For decades, everyone assumed higher minimum wages inevitably cost jobs. It was an article of faith, and it was rarely questioned.
That was until a pair of Princeton economists, including then-32-year-old Alan Krueger, put the theory to the test. In the early 1990s New Jersey increased its minimum wage to $US5.05 per hour — $US0.80 higher than in neighbouring Pennsylvania.
Krueger and his colleague surveyed hundreds of fast-food restaurants, and their findings broke new ground. Compared to Pennsylvania, New Jersey actually added jobs. They found “no evidence that the rise in New Jersey’s minimum wage reduced employment at fast-food restaurants in the state”.
Krueger, 58, died suddenly last month. An adviser to two US presidents, he has been remembered for his impact on American public policy as well as economics research. But Krueger’s influence resonates in Australian debates too — and not just in the fight for a higher minimum wage, which Prime Minister Scott Morrison says would force businesses to sack workers.

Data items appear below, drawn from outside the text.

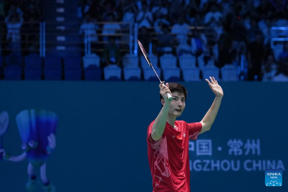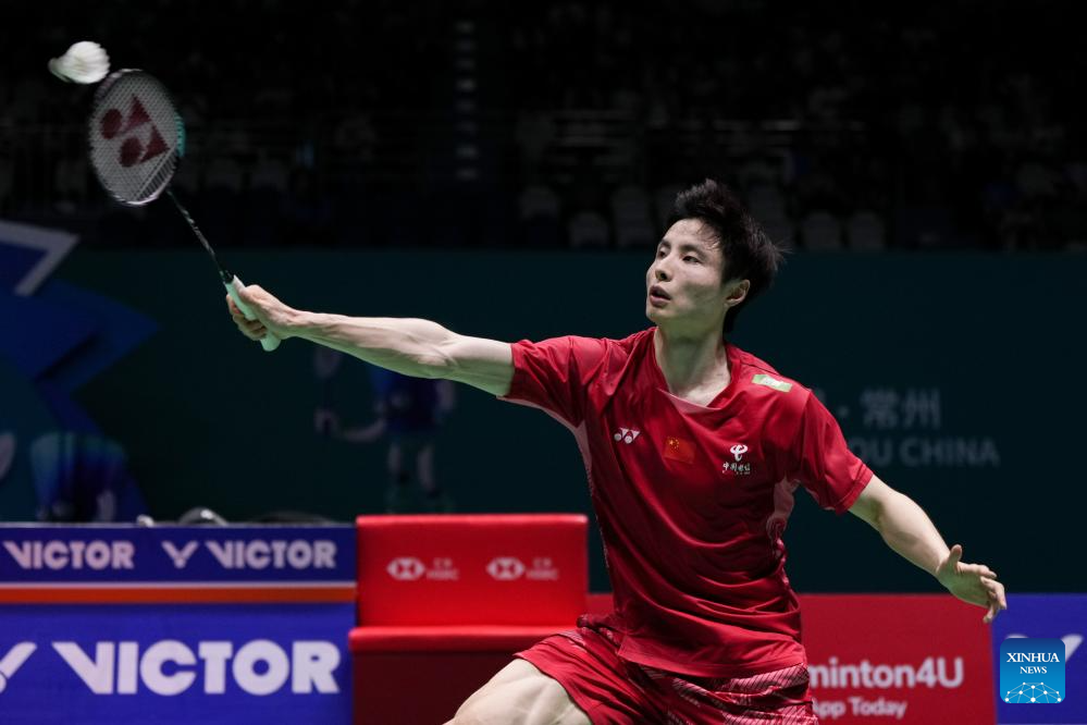 Wang Zhengxing of China competes during the men's singles final match between Shi Yuqi of China and Wang Zhengxing of China at the China Open 2025 badminton tournament in Changzhou, east China's Jiangsu Province, July 27, 2025. (Xinhua/Li Bo)
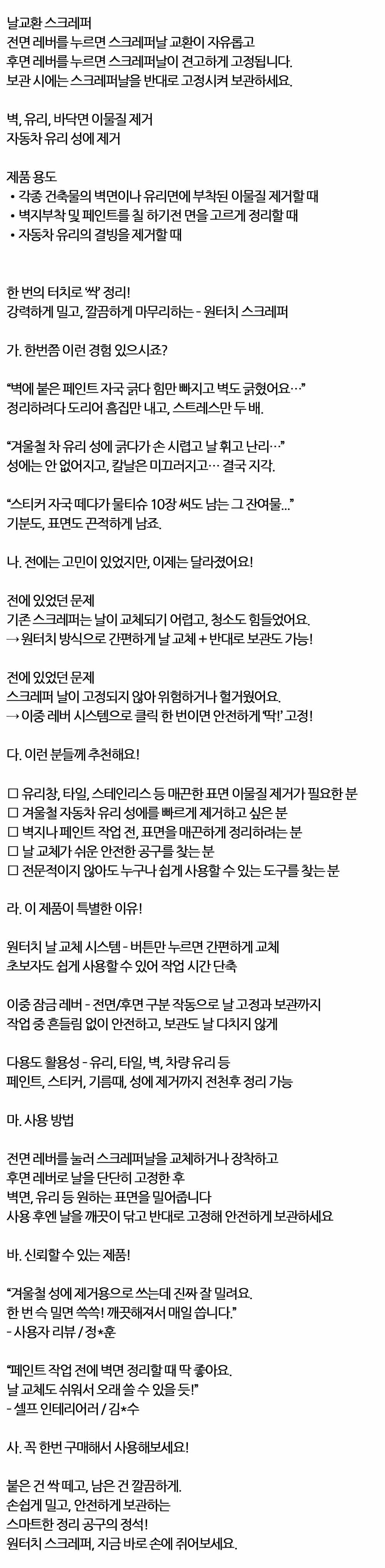 강력하게 밀고 깔끔하게 마무리하는 원터치 스크레퍼
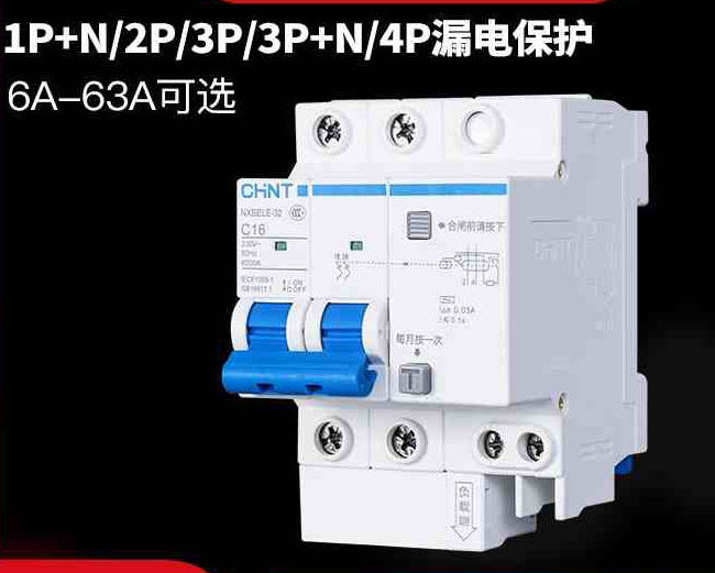 Chint NXBLE Earth Leakage Circuit Breaker with Overload Protection 6~63A 1P,2P,3P,4P for AC230/400V Use
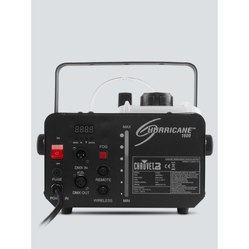 CHAUVET-DJ Hurricane 1600 генератор дыма. Устройство представлено в серии компактных, напольных генераторов, способных выбрасывать плотную струю белого, плотного дыма.
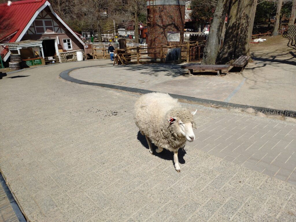 羊が放し飼いされていて、あちこち自由に歩いていました。
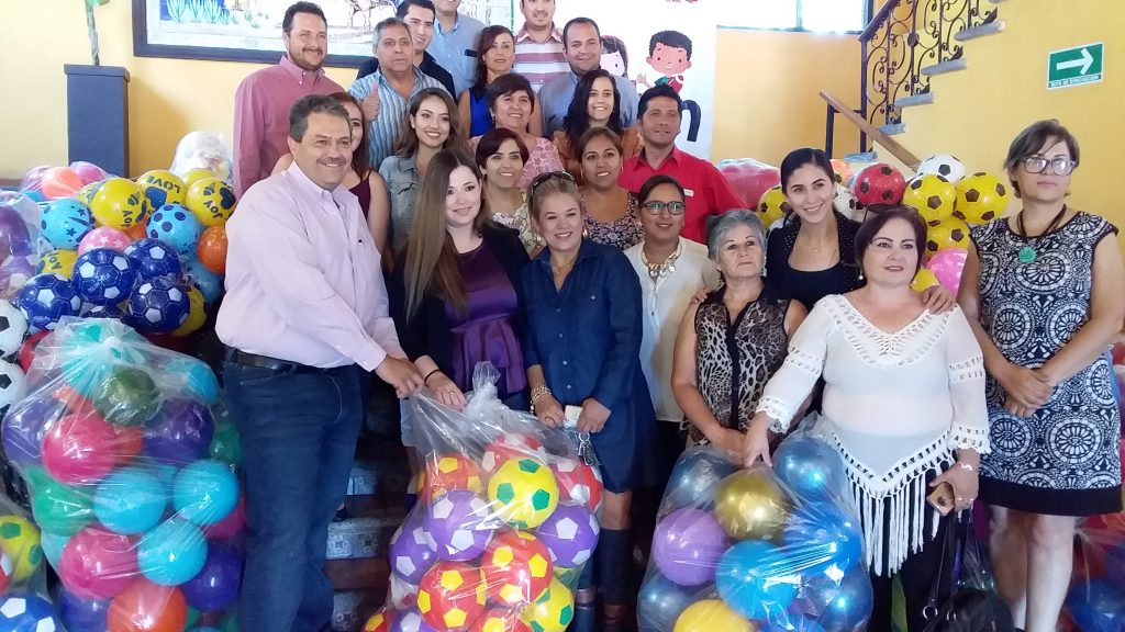 En representación de las personas que trabajan en los siete departamentos que conforman esta secretaría, Tomas Gutiérrez hizo la entrega simbólica de 1 mil 200 pelotas que se recolectaron gracias a la participación de 50 funcionarios aproximadamente.
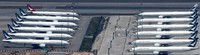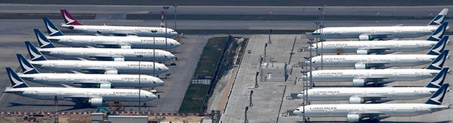 3月下旬、香港国際空港を望む山に登った。急な坂道を息を切らせて駆け上がること1時間。眼下に広がる駐機場に、運休や減便で行き場を失った100機超の飛行機が見本市のように並んでいた。
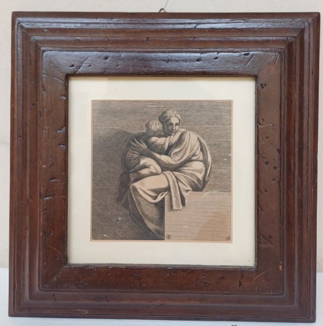 Giorgio Mantovano Ghisi (Mantova 1520 ca.- 1582). Incisione su carta, riproducente le figure nella lunetta in cui è affrescato il profeta Gioele, volta della Cappella Sistina, Roma. Da Michelangelo Buonarroti. Con cornice e vetro. Cm. 20x20. In cornice cm. 36,5x36,5.
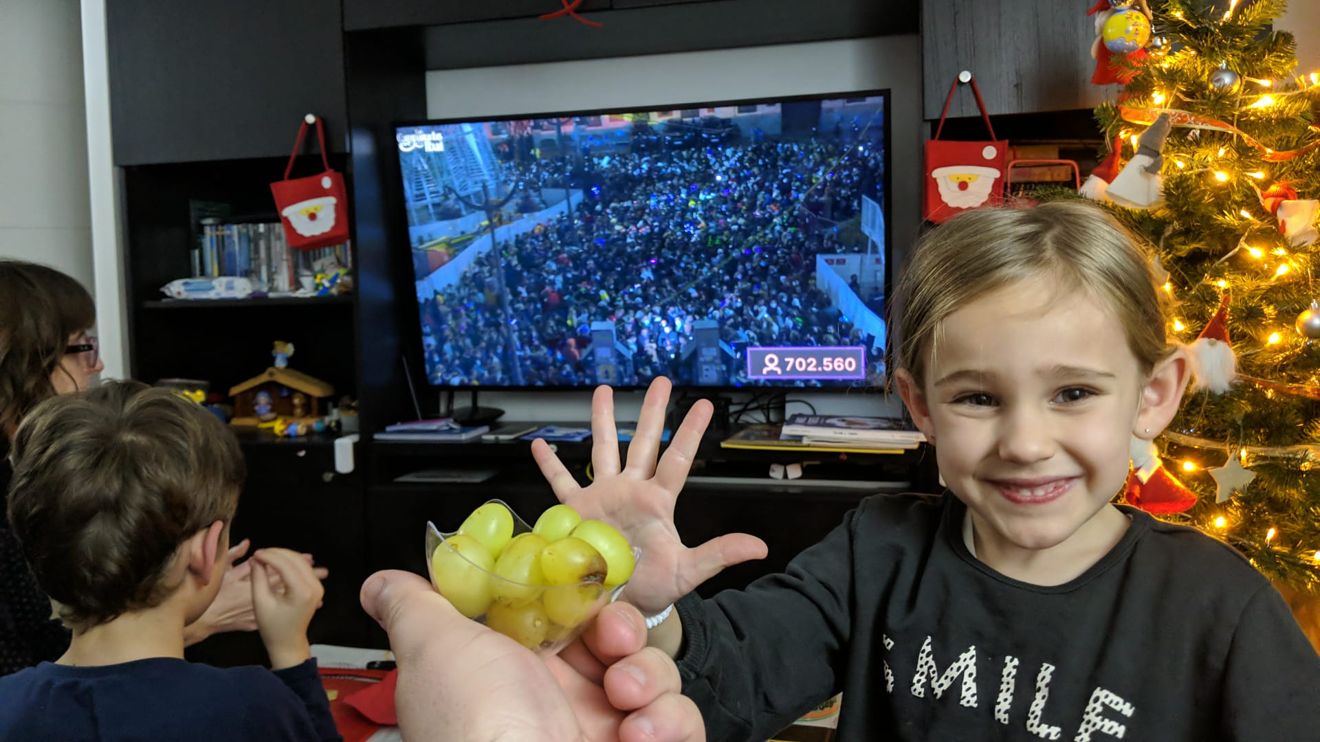 3 Nochevieja en pantalla grandemartes, 31 de diciembre de 2024  Este año la cena de Nochevieja se prepara y se consume en nuestra casa. Entre los asistentes no está tampoco este año mi chiquitín, pues no le convencen las opciones de transporte al término de la cena. En el menú que hemos desplegado sobre la mesa no falta una serie de clásicos familiares, como jamón, tortilla de patatas (mi especialidad), pastel de bonito (otra de mis especialidades), queso, paté, aceitunas y tal y cual. Y tras retirar los pocos restos de los entrantes damos paso a los platos calientes: croquetas y gambas plancha. Y ya, y de sobra. Todo ello regado con vinos blancos de Navarra y cava. Una vez concluida la cena... damos comienzo al espectáculo, un espectáculo... cinematográfico: sorprendemos al personal desplegando la pantalla grande y proyectando sobre ella la luz del proyector, sobre la que cabalgaban las cadenas generalistas con sus previos a las doce campanadas. Me encargo de preparar las doce uvas a los que desean comerlas (todos excepto Jorge y Esther, los raritos) y finalmente asistimos al evento de fin de año e inicio del nuevo de la mano de un popurrí de presentadores. Todo muy bien. El resto de la noche, hasta eso de las tres, estuvimos viendo cachitos musicales y haciendo risas; y dándole al cava hasta acabar las existencias.
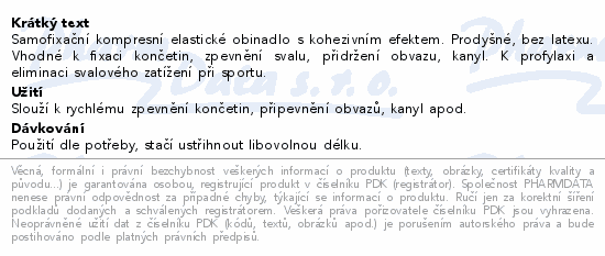 Samofixační kompresní elastické obinadlo s kohezivním efektem. Prodyšné, bez latexu. Vhodné k fixaci končetin, zpevnění svalu, přidržení obvazu, kanyl. K profylaxi a eliminaci svalového zatížení při sportu.
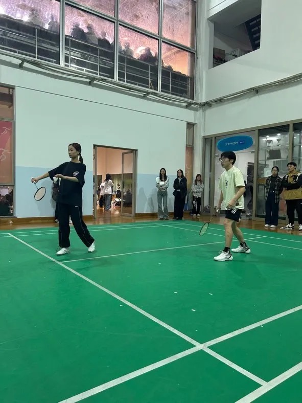 最后一场混合双打比赛我方派出的是孙浩仁和余馨尔。两人分工明确,配合默契,进攻果断,率先拿下两分。随着比赛白热化,战况胶着,比分紧咬,双方都是好球频出。但在比赛后段,我方出现了一些小失误,最终以16:25结束了比赛。
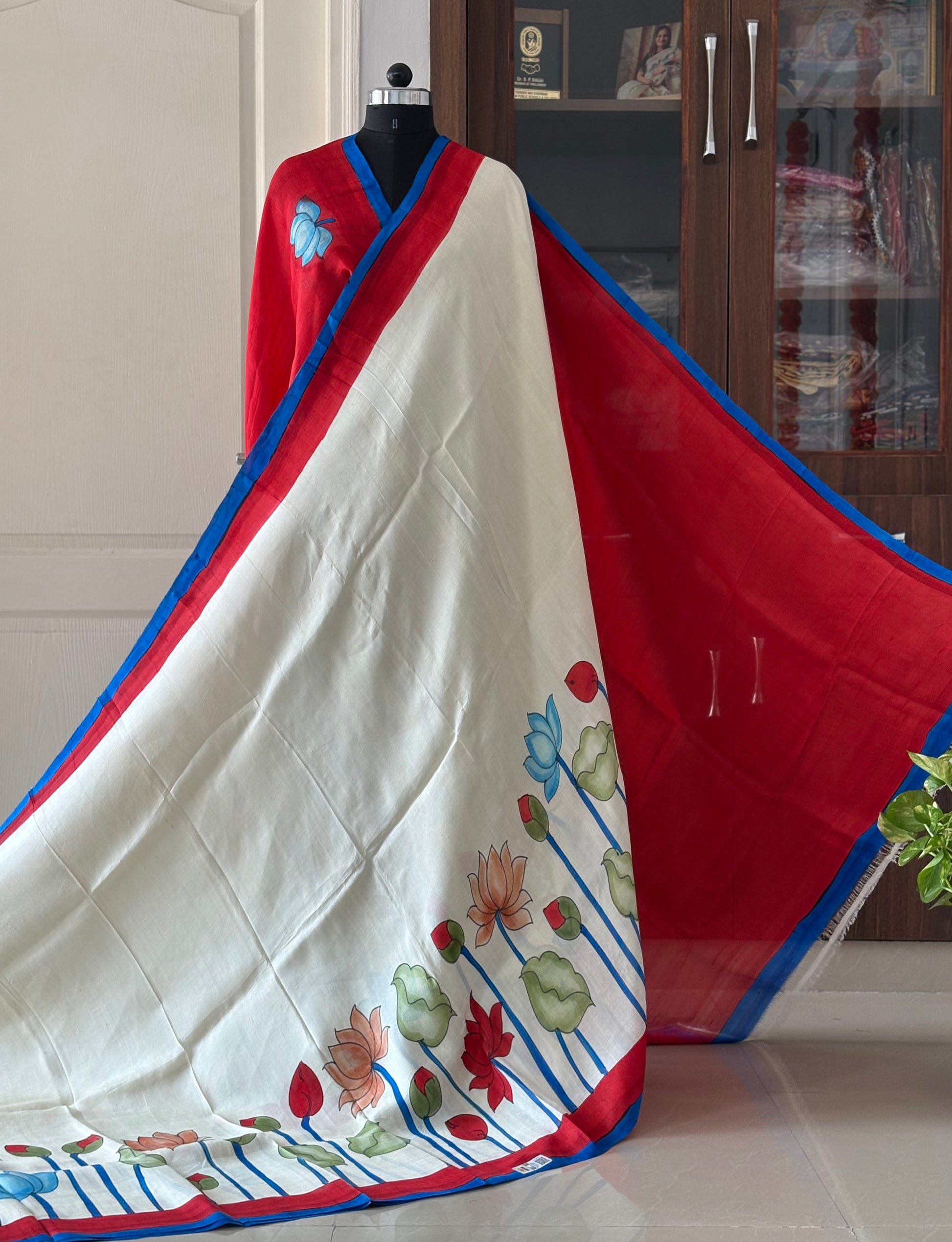 Exclusive Hand painted Pure Bishnupuri Silk Saree (Silk Marked)
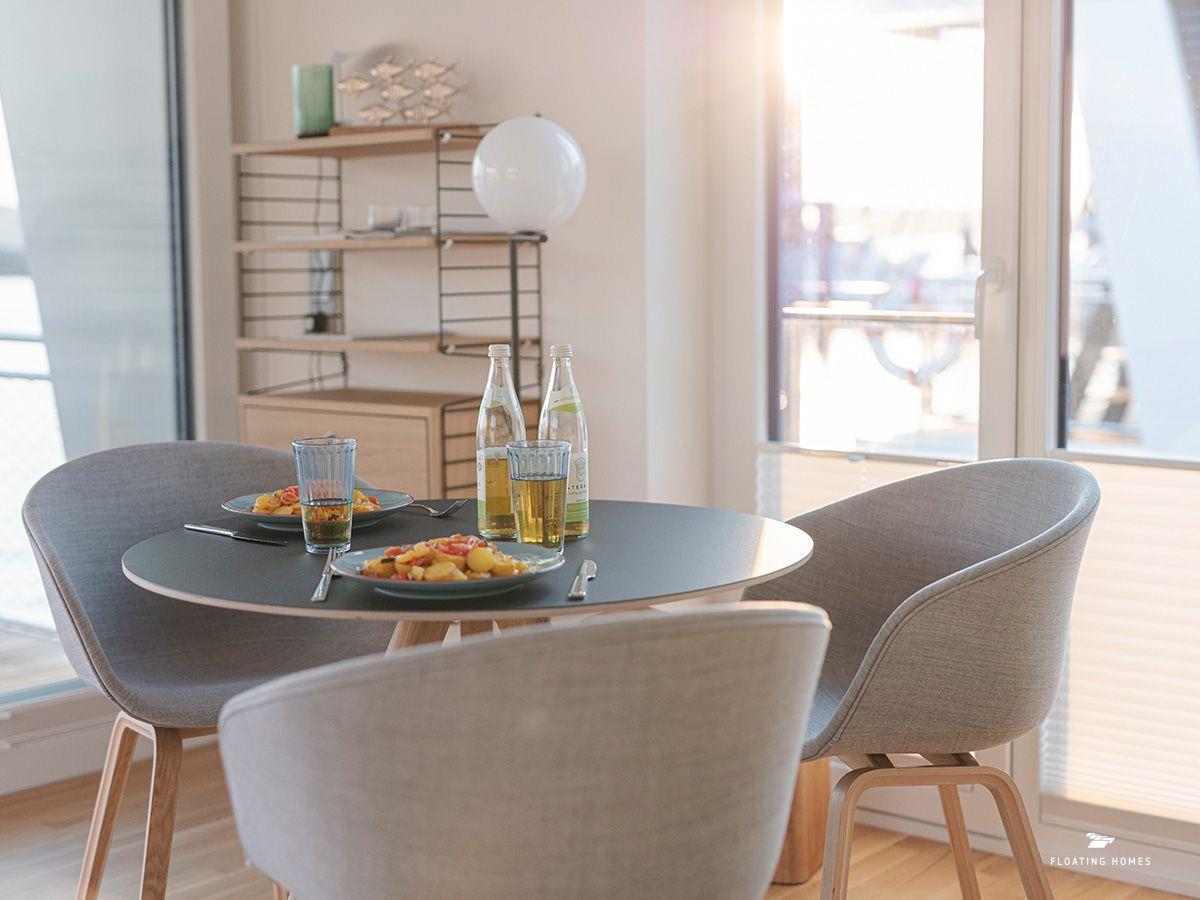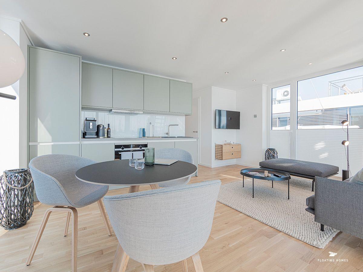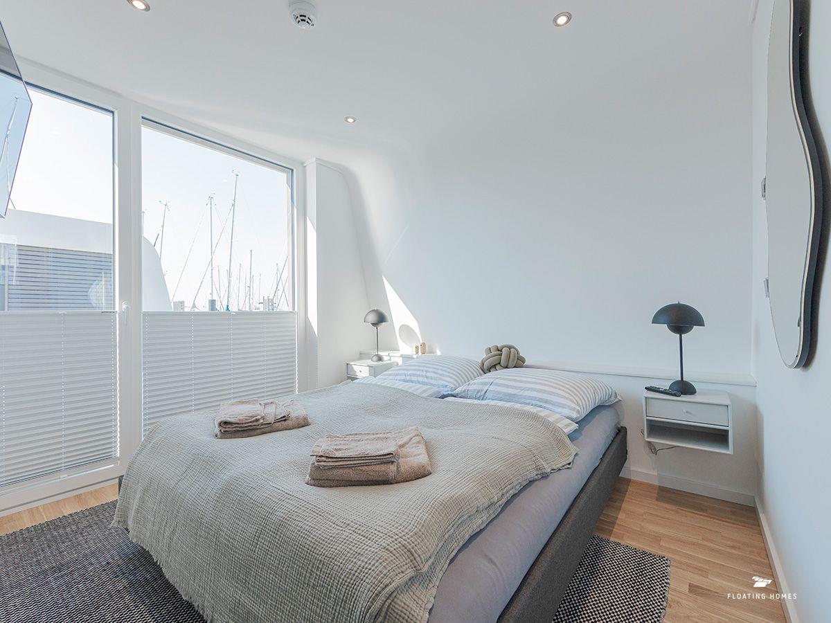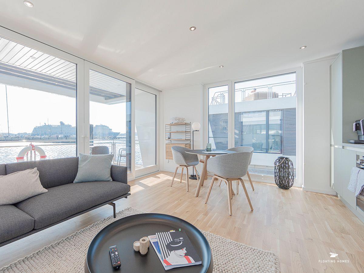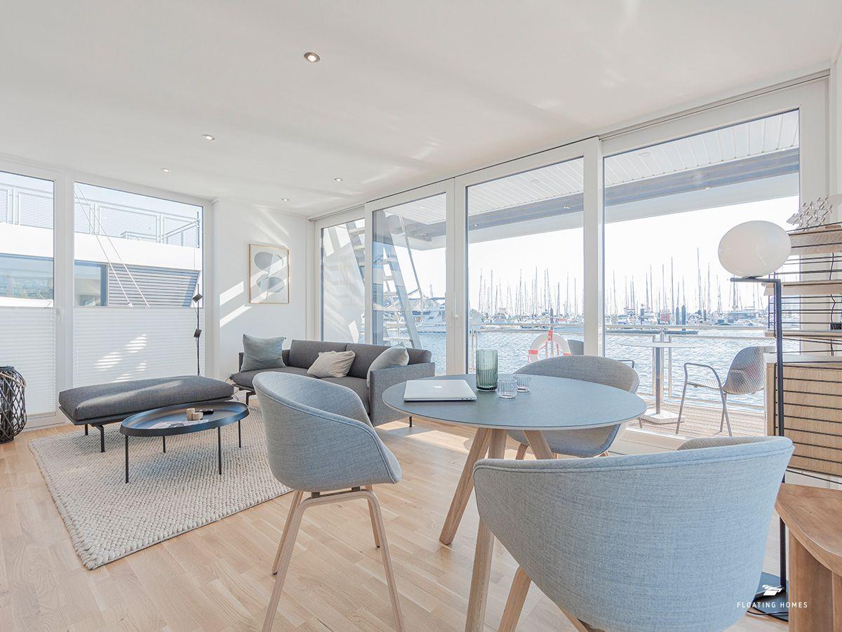 Das Hausboot ist über einen kurzen Bootssteg erreichbar und bietet auf 50 m² Wohnfläche alles, was du für einen exklusiven und entspannten Aufenthalt brauchst. Der großzügige Wohn-Essbereich mit einer bequemen Wohnlandschaft und Panoramafenstern gibt dir das Gefühl, direkt über dem Wasser zu schweben. Öffne die Schiebetüren zur Sonnenterrasse am Bug und genieße die frische Ostseeluft. Rundum verdunkelbare Plissees und eine Infrarotheizung sorgen für Privatsphäre und Behaglichkeit – zu jeder Jahreszeit.
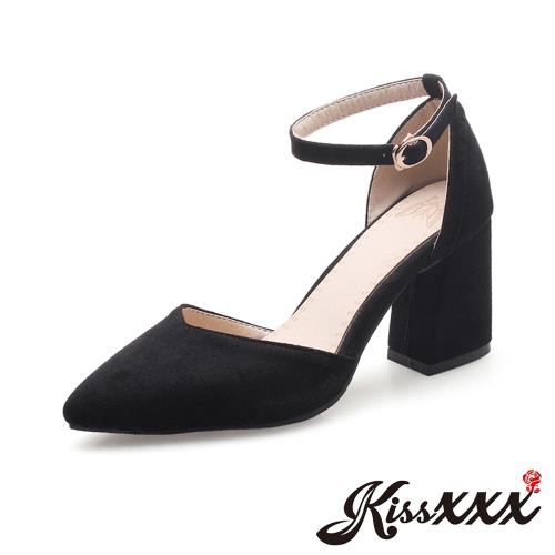 【KISSXXX】繞踝尖頭V口粗跟涼鞋/黑色滾邊繞踝飾帶尖頭V口粗跟涼鞋 女鞋 黑
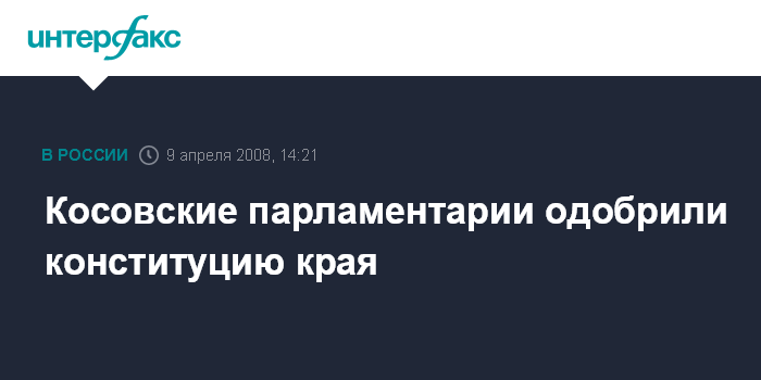 Белград. 9 апреля. INTERFAX.RU - Депутаты Cкупщины (парламента) сербского края Косово, провозгласившего в одностороннем порядке независимость, единогласно одобрили в среду проект конституции, сообщает белградская независимая радиостанция "Б-92".
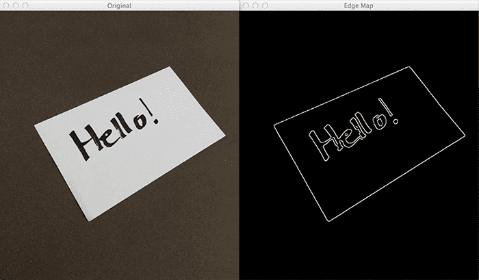 On the left, we have our original input image. On the right, we have our image with detected edges — commonly called an edge map.

Beyond minimum wage, Krueger’s work reshaped the debate on inequality. As president Barack Obama’s chief economist, Krueger popularised the “Great Gatsby curve” which signalled a negative relationship between inequality and social mobility. It confirmed what many progressives suspected but had been unable to show: the more unequal a society is, the more a person’s financial circumstances are determined by their parents’ circumstances.
In other words: when the rungs on the economic ladder are too far apart, the ladder becomes difficult to climb.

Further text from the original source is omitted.